Best Practices: Beware the flatfile & embrace working with entities¶
In DataFrame libraries, joining different tables is often either cumbersome or slow. As a consequence, many data pipelines bring their main pieces of information together in one big table called flatfile. While this might be nice for quick exploration of the data, it causes several problems for long term maintenance and speed of adding new features:
The number of columns grows very large and may become hard to overlook by the users that don’t know all the prefixes and suffixes by heart.
Associated information with 1:n relationship either are duplicated (wasting space), or written to an array column (reducing flexibility for further joins), or simply make it prohibitively hard to add features on a certain granularity.
In case a table is historized, storing rows for each version of a data field, the table size grows quadratic with the number of columns.
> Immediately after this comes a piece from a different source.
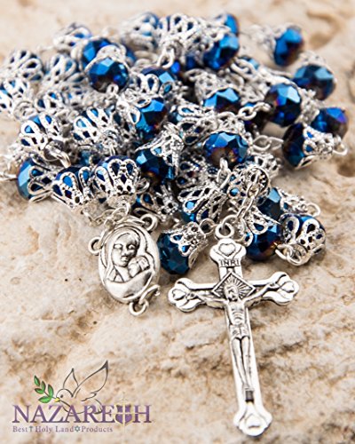 -. Binding : Kitchen -. Brand : Nazareth Market Store -. Color : Blue -. Department : religion -. Feature : Amazing High Quality Jerusalem Long Beaded Rosary With Deep Blue Crystal Prayer Beads With Holy Soil Medal On one Side And Virgin Mary On The Other. The Beads lead to the Holy Soil Medal And To Silver Plated Crucifix that Hangs From a Single Row of beads Handmade From Holy Land. / (H X W) Cross: 4 cm x 2 cm / 1.6" x 0.8" / Rosary Length: 47cm / 18.5" / Most Beautiful & unique items not found in stores, Most of The items Made in Jerusalem and Nazareth (the HOLY LAND) Offering you High Quality Items. / DON'T MISS YOUR CHANCE TO HAVE A SMALL PART OF HOLY LAND IN YOUR HOME! -. Label : Hand Made In Nazareth & Jerusalem HOLY LNAD (Israel) -. Manufacturer : Hand Made In Nazareth & Jerusalem HOLY LNAD (Israel) -. MPN : VF8QB22 -. PackageQuantity : 1 -. PartNumber : VF8QB22 -. ProductGroup : Jewelry -. ProductTypeName : FASHIONNECKLACEBRACELETANKLET -. Publisher : Hand Made In Nazareth & Jerusalem HOLY LNAD (Israel) -. Size : 4 cm x 2 cm / 1.6" x 0.8" ,47cm / 18.5" -. Studio : Hand Made In Nazareth & Jerusalem HOLY LNAD (Israel) -. Title : Unique Deep Blue Crystal Beads Rosary Catholic Necklace Holy Soil Medal & Cross -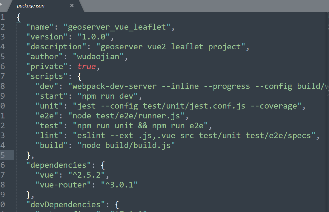 打开geoserver_vue_leaflet\package.json文件,就能看到工程信息和工程依赖等内容,可以看看各依赖的版本号。

The other alternative is to keep column groups with similar subject matter meaning or similar data sources together in separate tables called entities. Especially when creating data transformation code programmatically with a nice syntax, it can be made quite easy to work with typical groups of entities with code in the background joining underlying tables.
Often flatfiles are created before feature engineering. Due to the large number of features (columns), it becomes necessary to build automatic tools for executing the code for each feature in the correct order and to avoid wasteful execution. However, when using entity granularity (column groups of similar origin), it is more manageable to manually wire all feature engineering computations. It is even very valuable code to see how the different computation steps / entities build on each other. This makes tracking down problems much easier in debugging and helps new-joiners a chance to step through the code.